WORK ITEM:
After locating the line with "Osmangazi ilçesi Çekirge" below, output it and each following line exactly, stopping after the line with "Cábán gleoite ar". No pictures.

GIVEN DATA:
◇ ◇ ◇ ◇ ◇

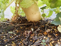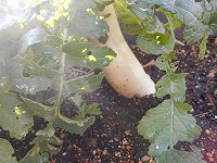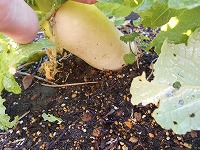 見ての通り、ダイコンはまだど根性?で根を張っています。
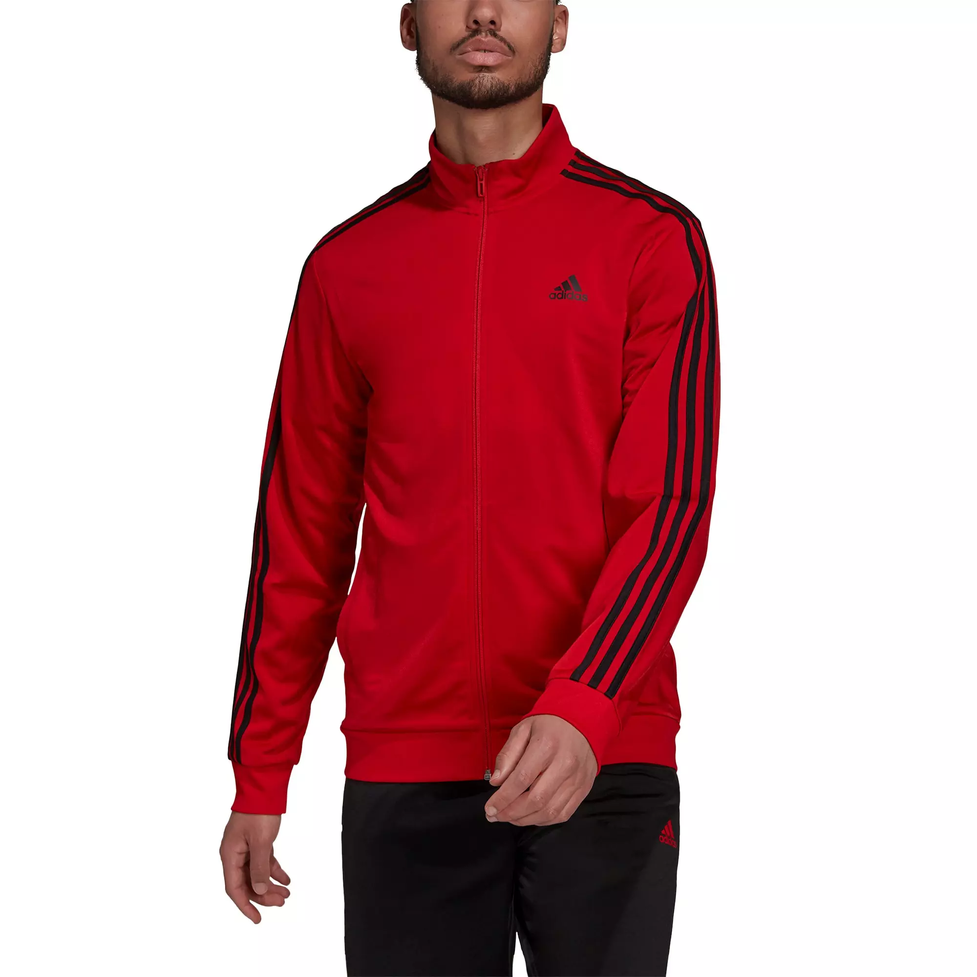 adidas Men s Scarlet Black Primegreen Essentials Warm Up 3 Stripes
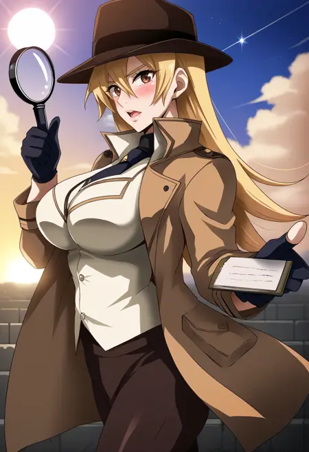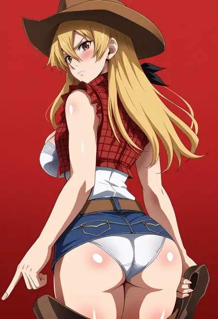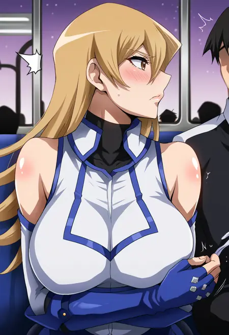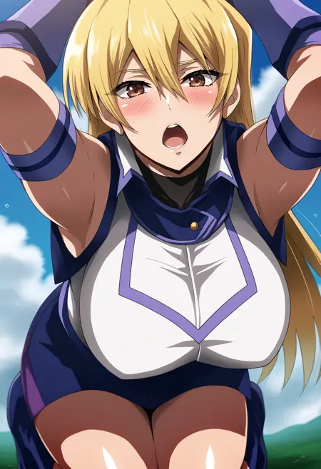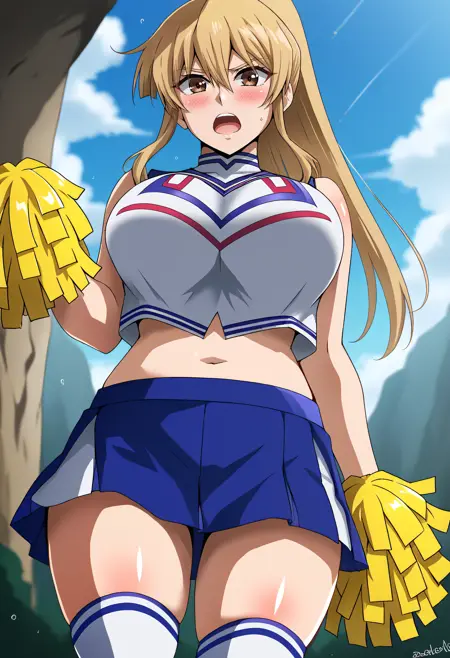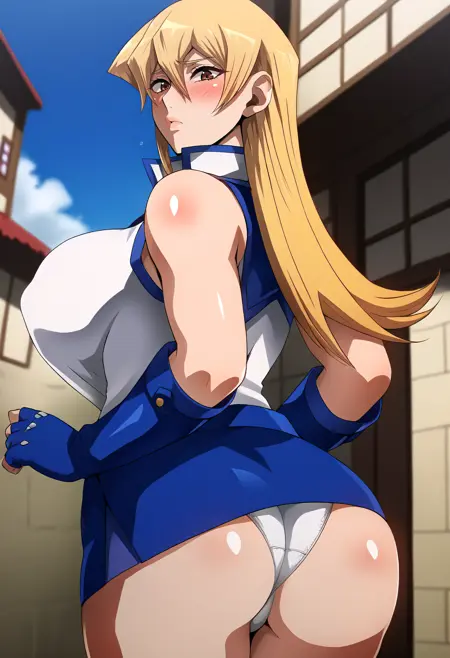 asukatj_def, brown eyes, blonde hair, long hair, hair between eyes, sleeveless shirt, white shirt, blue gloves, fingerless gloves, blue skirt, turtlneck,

◇ ◇ ◇ ◇ ◇

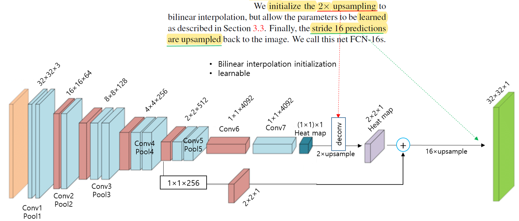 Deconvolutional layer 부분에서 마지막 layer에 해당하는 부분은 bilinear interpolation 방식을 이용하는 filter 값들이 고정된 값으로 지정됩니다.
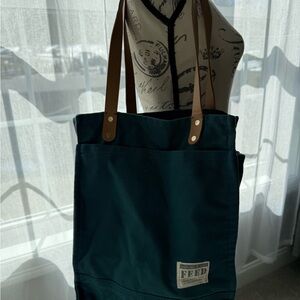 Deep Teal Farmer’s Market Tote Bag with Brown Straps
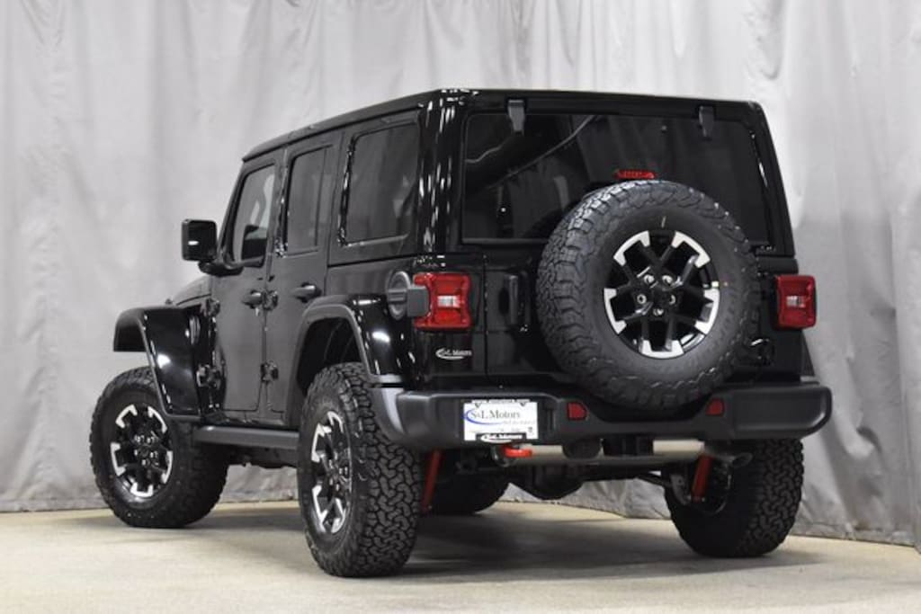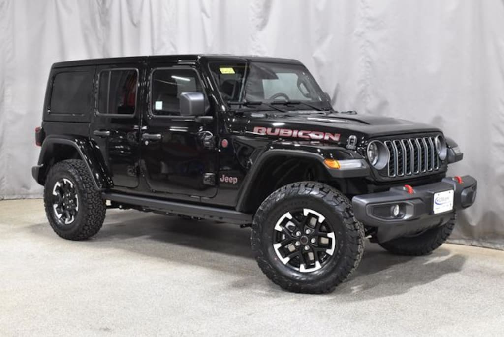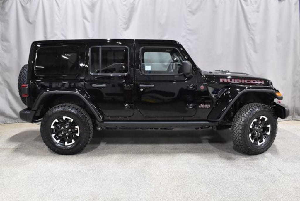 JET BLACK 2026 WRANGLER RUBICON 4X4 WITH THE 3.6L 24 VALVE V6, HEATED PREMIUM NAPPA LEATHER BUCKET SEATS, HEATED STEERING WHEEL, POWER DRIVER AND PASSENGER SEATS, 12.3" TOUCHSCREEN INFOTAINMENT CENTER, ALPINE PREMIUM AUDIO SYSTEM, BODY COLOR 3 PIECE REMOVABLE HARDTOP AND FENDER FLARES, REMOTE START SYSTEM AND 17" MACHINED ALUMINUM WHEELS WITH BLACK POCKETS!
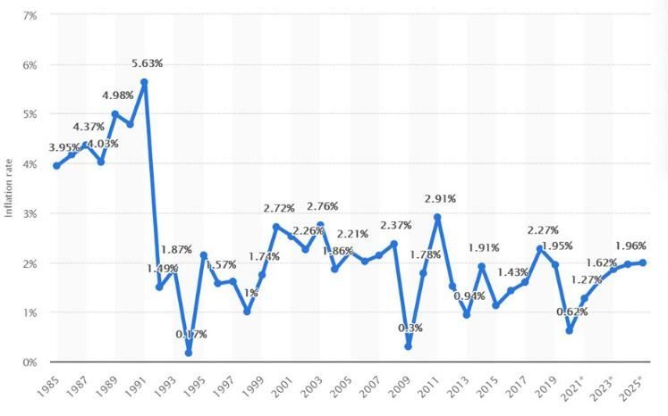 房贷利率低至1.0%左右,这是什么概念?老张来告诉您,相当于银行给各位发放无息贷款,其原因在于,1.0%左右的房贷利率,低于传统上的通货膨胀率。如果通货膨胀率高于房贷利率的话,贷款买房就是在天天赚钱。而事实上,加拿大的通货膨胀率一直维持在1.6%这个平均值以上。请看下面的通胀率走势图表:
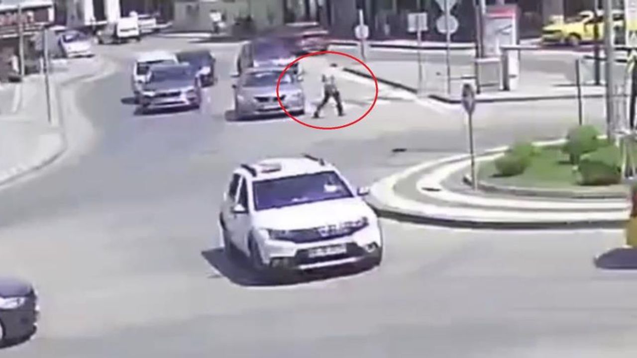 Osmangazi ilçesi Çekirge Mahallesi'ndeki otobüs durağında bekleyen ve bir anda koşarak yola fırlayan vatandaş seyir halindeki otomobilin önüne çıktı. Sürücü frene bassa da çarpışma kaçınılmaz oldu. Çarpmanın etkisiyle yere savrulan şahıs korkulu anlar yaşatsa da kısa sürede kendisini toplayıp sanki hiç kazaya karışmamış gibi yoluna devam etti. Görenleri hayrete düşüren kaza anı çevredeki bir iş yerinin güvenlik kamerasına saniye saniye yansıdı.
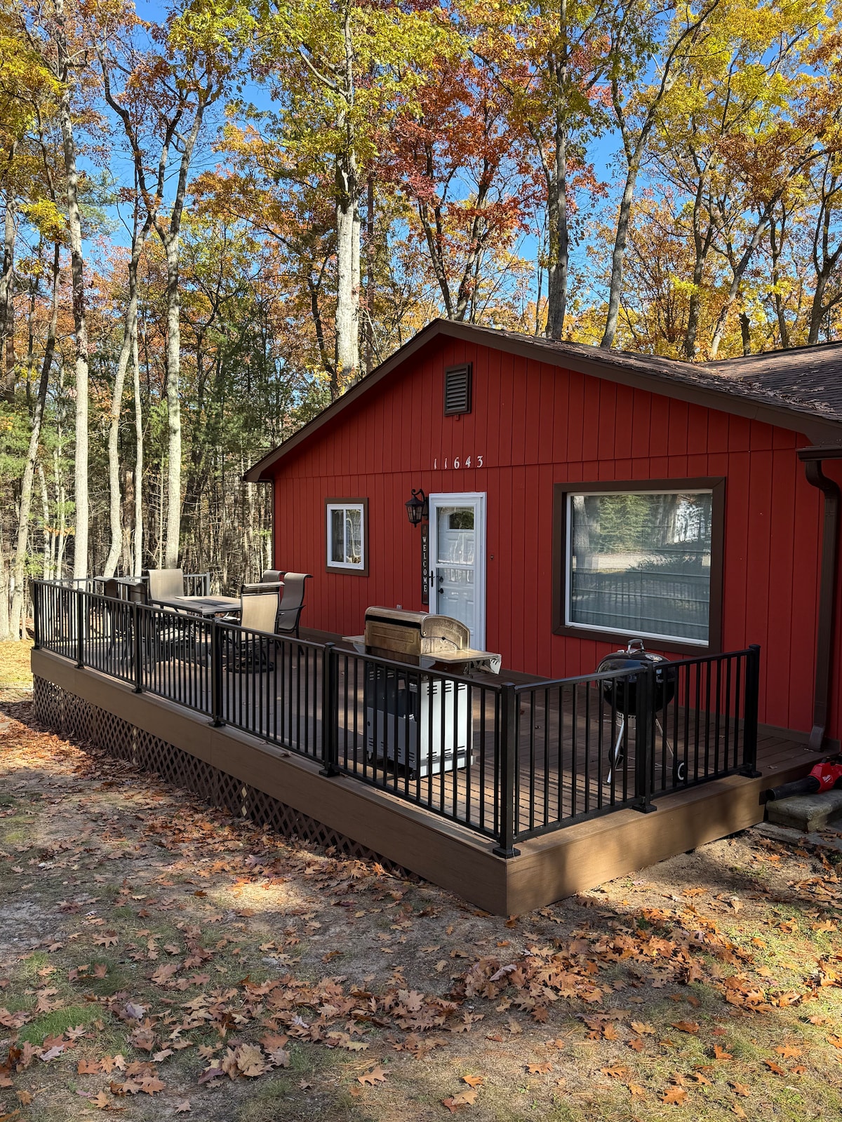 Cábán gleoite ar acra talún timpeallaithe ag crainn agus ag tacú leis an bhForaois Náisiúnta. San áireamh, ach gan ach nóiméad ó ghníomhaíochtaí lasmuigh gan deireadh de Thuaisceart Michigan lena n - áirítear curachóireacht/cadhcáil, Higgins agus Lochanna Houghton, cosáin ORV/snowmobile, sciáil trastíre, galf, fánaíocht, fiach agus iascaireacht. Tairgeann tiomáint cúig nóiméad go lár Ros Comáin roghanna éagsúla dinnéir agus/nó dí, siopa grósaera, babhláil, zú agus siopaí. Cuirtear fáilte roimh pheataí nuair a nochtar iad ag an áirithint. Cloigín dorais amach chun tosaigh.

◇ ◇ ◇ ◇ ◇

ANSWER BELOW:
 Osmangazi ilçesi Çekirge Mahallesi'ndeki otobüs durağında bekleyen ve bir anda koşarak yola fırlayan vatandaş seyir halindeki otomobilin önüne çıktı. Sürücü frene bassa da çarpışma kaçınılmaz oldu. Çarpmanın etkisiyle yere savrulan şahıs korkulu anlar yaşatsa da kısa sürede kendisini toplayıp sanki hiç kazaya karışmamış gibi yoluna devam etti. Görenleri hayrete düşüren kaza anı çevredeki bir iş yerinin güvenlik kamerasına saniye saniye yansıdı.
 Cábán gleoite ar acra talún timpeallaithe ag crainn agus ag tacú leis an bhForaois Náisiúnta. San áireamh, ach gan ach nóiméad ó ghníomhaíochtaí lasmuigh gan deireadh de Thuaisceart Michigan lena n - áirítear curachóireacht/cadhcáil, Higgins agus Lochanna Houghton, cosáin ORV/snowmobile, sciáil trastíre, galf, fánaíocht, fiach agus iascaireacht. Tairgeann tiomáint cúig nóiméad go lár Ros Comáin roghanna éagsúla dinnéir agus/nó dí, siopa grósaera, babhláil, zú agus siopaí. Cuirtear fáilte roimh pheataí nuair a nochtar iad ag an áirithint. Cloigín dorais amach chun tosaigh.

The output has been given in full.